Four cognitive or neuropathological traits are available in MSBB dataset: Clinical Dementia Rating (CDR), Braak stage, neuropathology category as measured by CERAD (NP), and mean neocortical plaque density. For each trait, we separated samples into three groups: Control, Mild, and Severe. We followed previous practices to subdivide samples regarding CDR (0-0.5, 1–2, 3–5), Braak stage (0–2, 3–4, 5–6), NP (normal, possible or probable AD, definite AD), and plaque density (0, 0.26-7.84, 7.93-42). Mayo subjects were separated into two groups (Control and AD) based on neuropathological evaluation and classification. Control subjects had Braak stage of ≤ 3, CERAD neuritic and cortical plaque densities of 0 (none) or 1 (sparse) and the absence of any of the following pathologic diagnoses: AD, Parkinson’s disease, dementia with Lewy Bodies, vascular dementia, PSP, motor neuron disease, corticobasal degeneration, Pick’s disease, Huntington’s disease, frontotemporal lobar degeneration, hippocampal sclerosis, or dementia lacking distinctive histology. AD subjects have “Definite AD” diagnosis according to the NINCDS-ADRDA criteria and a Braak NFT stage of 4 or greater. For lncRNA and eRNA, we use a linear model to detect differential expression of lncRNA between AD stages, considering sex, age, race, batch, PMI and RIN as covariates, and use stepAIC from MASS R package to select the best model. We required the False Discovery Rate (FDR) < 0.05 and fold change > 1.5. For APA and A-to-I editing, Wilcoxon test were used to test the significance between AD stages with ≥ 10 samples. Significant difference of APA event was defined as absolute value of PDUI difference > 0.1 and FDR < 0.05. Significant difference of editing was defined as absolute value of editing level difference > 0.05 and FDR < 0.05.
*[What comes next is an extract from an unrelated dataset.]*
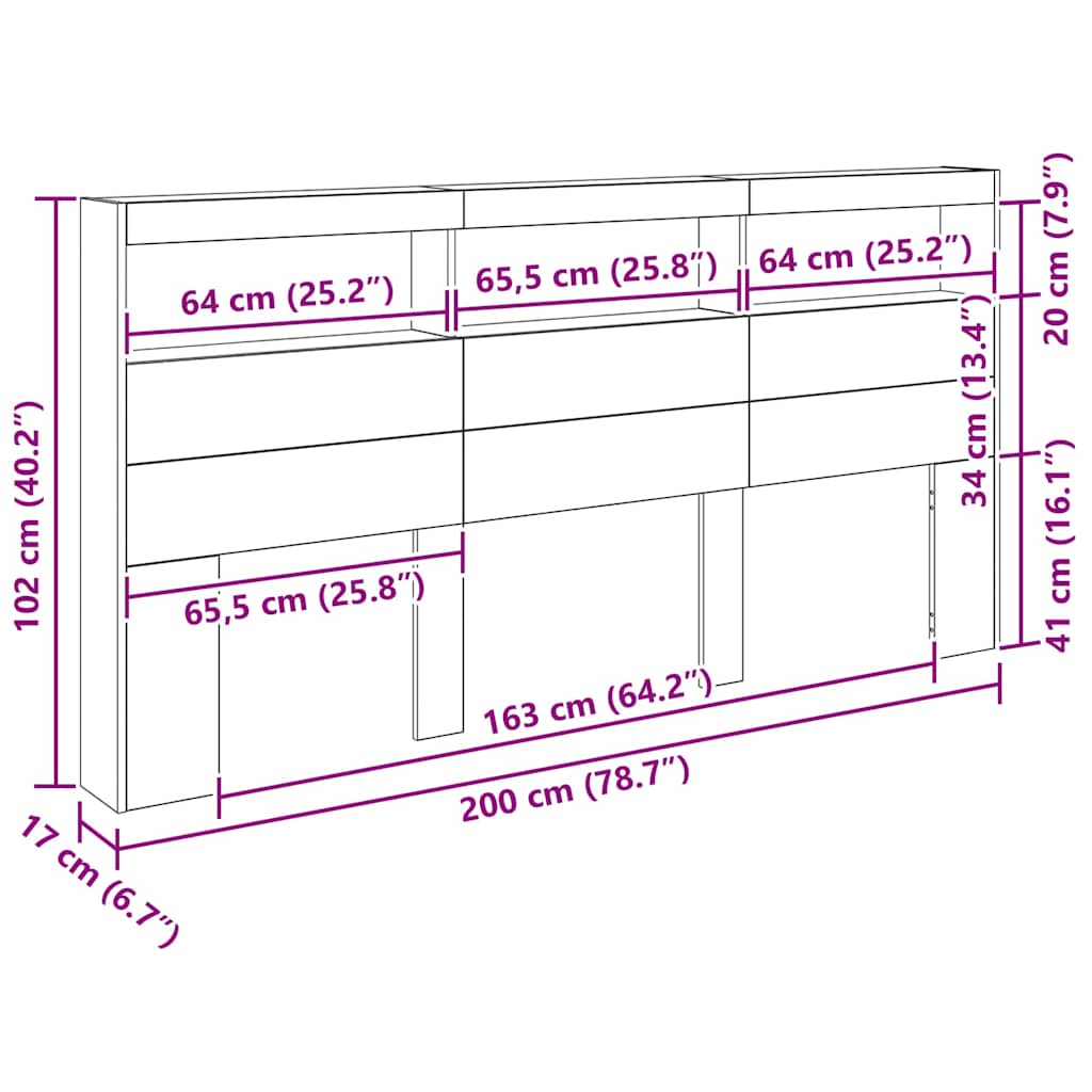 - Algemene afmetingen: 200 x 17 x 102 cm (L x B x H)

We required ≥ 30 samples in a tissue. We used Spearman's rank correlation to calculate the correlation coefficient (Rs) between non-coding RNA expression/post-transcriptional regulation event and gene expression, and performed multiple correction by FDR. For lncRNA and APA, we calculated the correlation against all the expressed protein-coding genes, defined significant correlation with absolute value of Rs > 0.3 and FDR < 0.05.. For eRNA, we only compared the genes located in upstream/downstream 1Mb of each enhancer, and defined significant correlation with value of Rs > 0.3 and FDR < 0.05.